Saturday, 22 February 2020

Forwarding - layer 2 review


Data link layer (Layer 2 of OSI model) is responsible for transfer data between network nodes within the same LAN or adjacent nodes in WAN.  


Data link layer has two sub layers:

-          MAC – media access control, control who is allowed to access the media (ie. CSMA/CD & CSMA/CA) and provides physical addressing

-          LLC – logical link control provides flow control and multiplexing for the logical link


Frame forwarding is based on MAC addresses, MAC address table contain MAC address, port and vlan. Switch learns MAC addresses of the connected devices dynamically by listening to incoming frames.


Unknown unicast flooding happens when switch receives frame with unknown destination MAC address then forwards this frame to all ports except for the port that received that frame.


Frames that contain destination broadcast or destination multicast addresses are also flooded.


In Layer 2 we can find devices such as switches and bridges. Switches separate collision domain per port with each frame received on the switch port being checked for errors. Depends on the features broadcast traffic can be limited and other types filtering or forwarding can be possible. 

As an example Layer 2 Cisco Catalyst switch will maintain following tables:

-          L2 Forwarding Table - Content Addressable Memory (CAM)

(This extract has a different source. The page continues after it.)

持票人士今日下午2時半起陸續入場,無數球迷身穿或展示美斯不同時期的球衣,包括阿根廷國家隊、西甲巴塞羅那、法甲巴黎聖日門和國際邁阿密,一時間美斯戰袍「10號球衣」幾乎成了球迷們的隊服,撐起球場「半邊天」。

-          Ternary Content Addressable Memory (TCAM) which is an extension on CAM and contains ACLs in a compiled form (security ACL and QoS policy)

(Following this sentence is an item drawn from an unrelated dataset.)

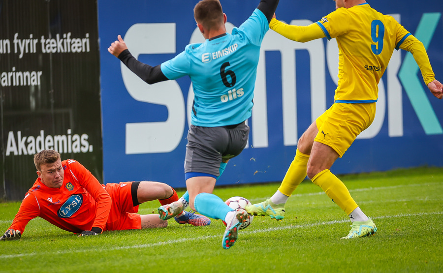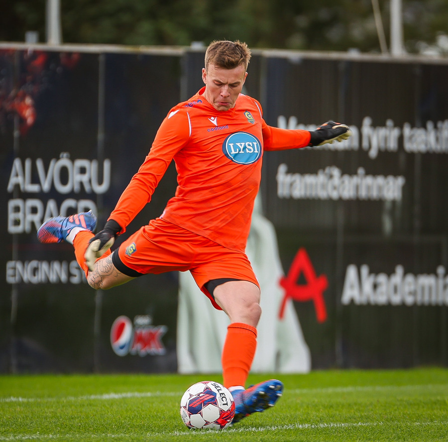 Sigurjón gerir vel að slá boltann yfir markið, flottur bolti frá hægri hjá Grindavik.
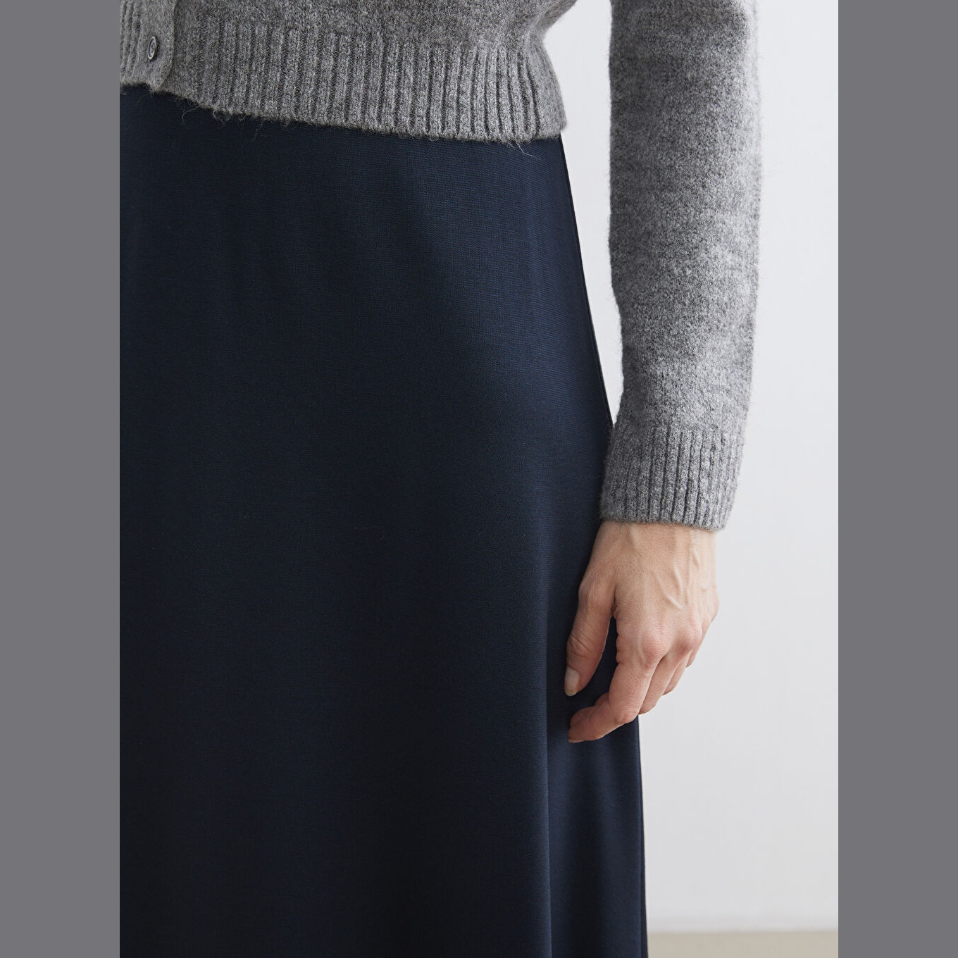 تنورة نسائية بخصر عادي وقصة A – كحلي عملي (قصة واسعة، تصميم طويل، بدون بطانة)

TCAM table has two components:


-Feature Manager (FM) – compiles ACL into entries

- Switching Database Manager (SDM) – configures or tunes TCAM

After CAM and TCAM lookups are complete the frame is action accordingly.

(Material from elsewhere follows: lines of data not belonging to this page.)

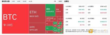 Coinglass数据显示,过去24小时全网爆仓3.23亿美元,其中多单爆仓7708.31万美元,空单爆仓2.46亿美元,BTC爆仓1.33亿美元,ETH爆仓5,237.25万美元,SOL爆仓1,620.07万美元。过去24小时,全网共有112,363人被爆仓,最大单笔爆仓单发生在Hyperliquid-BTC-USD,价值1,457.87万美元。
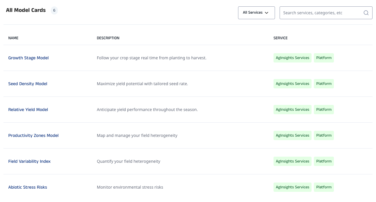 For example, Sygnenta’s Open Platform currently displays six model cards that can be utilized by developers.
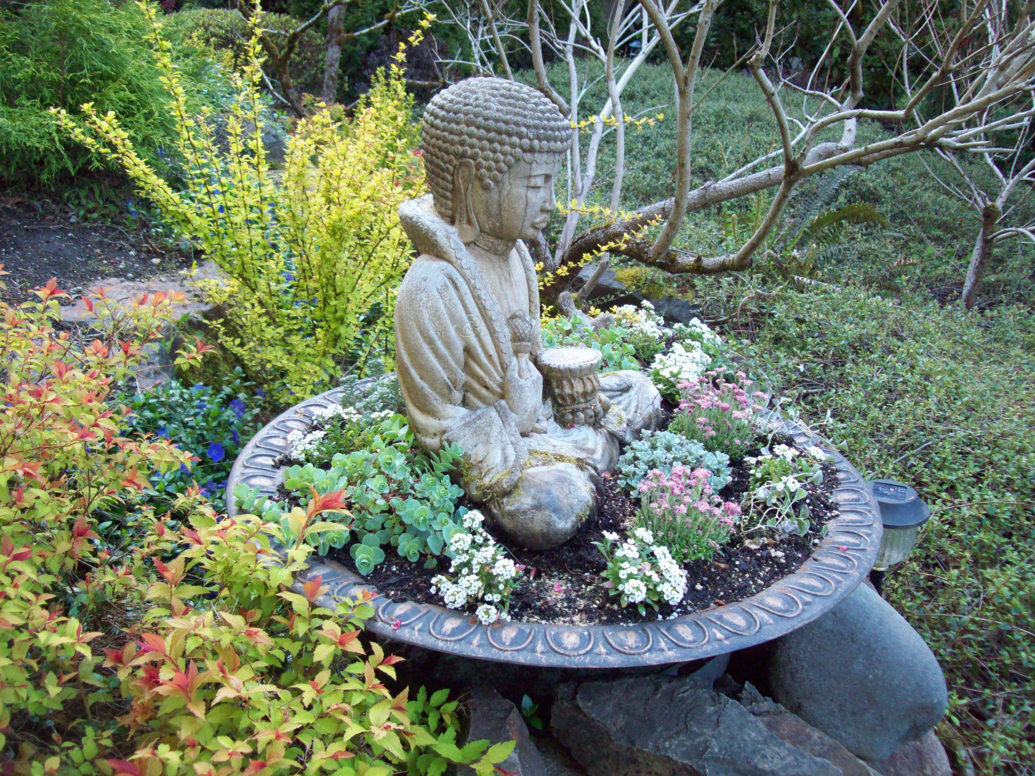 Have a sunny spot and a shallow container? Try planting succulents that show off their silvery foliage, with some accents of white and pink. Here are the plants: bacopa and dichondra ‘silver falls’ for trailing, the stonecrops ‘cape blanco’ and sedum ewersii for succulent foliage, allysum for white, and dwarf pussy toes, antennaria dioica ‘minima’ for pink. Most will remain small and compact and buddha will be pleased with his companions.
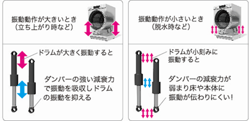 高速脱水時の細かな振動が洗濯機本体や床に伝わりにくい設計です。また、衣類が偏った際の揺れも軽減し、安定した運転を実現します。
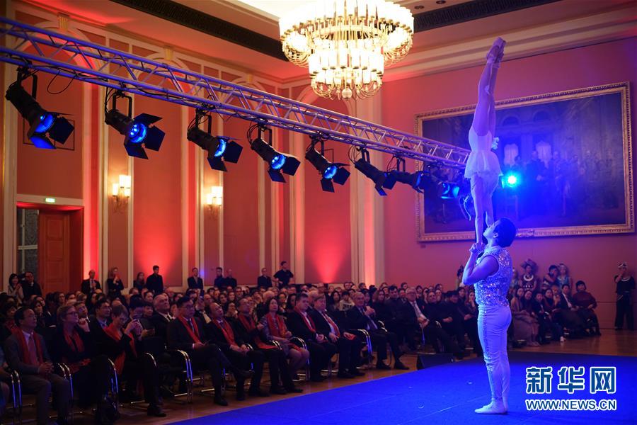 1月15日,在德國柏林,貴州省歌舞劇院藝術團的演員在晚會上表演雜技。 15日晚,2020年“歡樂春節(jié)”新春文藝晚會在德國柏林的紅色市政廳上演,中德兩國各界代表觀看演出,共慶中國農歷新年。 新華社記者 王勍 攝

Examples of Layer 2 protocols:


-          Spanning Tree Protocol

-          Virtual LANs –VLANs – IEEE 802.1q

-          Quality of Service – QoS control

-          Ethernet Ring Protection Switching - ERPS

-          Point-to-Point Protocol – PPP

-          High-Level Data Link Control - HDLC

-          Link Layer Discovery Protocol - LLDP

-          Cisco Discovery Protocol - CDP

-          Frame Relay

-          Fibre Distributed Data Interface - FDDI

-          Unidirectional Link Detection – UDLD

-          IEEE 802.11 – Wireless LAN



Differences between switches and bridges:


-bridges are software based, switches hardware-based (use ASICs when making forwarding decisions)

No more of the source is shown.